Тот, видимо, опасаясь, что я заберу автомат, отошел на несколько шагов.
– В нем много дырок. Из пулемета, наверное, засадили.
Я хотел сбегать и глянуть, чьи пули достали автоматчика, но появился командир роты лейтенант Ступак. Небольшого роста, головастый, в шапке-кубанке. Его сопровождал ординарец с автоматом. Тоже осмотрел танк, затем повернулся ко мне:
– Ты почему из своей кочерги по фрицам, а не по танку стрелял?
– Автоматчики слишком близко подобрались, – ответил я. – А винтовку землей завалило.
– Против живой силы противника, – грамотно заметил Ступак, – у тебя «дегтярев» в отделении имеется. Или его тоже землей засыпало?
Подводить не слишком опытного пулеметчика Родьку Шмырёва я не стал.
– Есть «дегтярев», только тут такая каша заварилась. Погиб командир отделения товарищ Травкин, а помощника сильно контузило.
– Он погиб, а ты что в это время делал?
Ступак не был моим непосредственным начальником. Просто отдельную роту противотанковых ружей вместе с имевшимися у нас пулеметами распределили по батальонам. Наше отделение попало в шестую роту второго батальона.
– Мы в это время стреляли. Этому танку в ходовую часть пулю вложили. Он сразу встал, и пушкари его подожгли.
– Ты к артиллерии не примазывайся.

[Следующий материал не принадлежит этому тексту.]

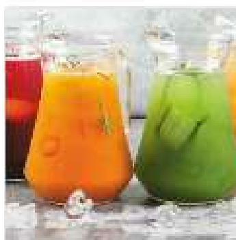
Лимонад облепиха, розмарин 1 л

Что-то я ваших пробоин не вижу. Вон две дырки от трехдюймовых снарядов, а ваши где?
Я ничего не ответил, только поглядел на лейтенанта, вытер пот со лба и отвернулся. Тянуться перед ним после боя с танками и гибели товарища я не собирался. Ступаку мой взгляд, как бы свысока, не понравился. Я был ростом сто восемьдесят, а ротный – сто шестьдесят с небольшим.
– Правда, попали, – влез в разговор Гришка Тищенко. – Сам видел, как мелкие железяки брызнули. Он дернулся, встал, тут его из пушки и добили.
Покачивая перед моим носом коротким пальцем, ротный выговаривал, будто не слыша Тищенко:
– Первый танк упустили, второй могли бы взять. Промазал, а потом по пехоте стрельбу бронебойными пулями устроил. Ладно, приводите в порядок окопы. Ружье у вас одно осталось, зато гранаты есть. Быть наготове.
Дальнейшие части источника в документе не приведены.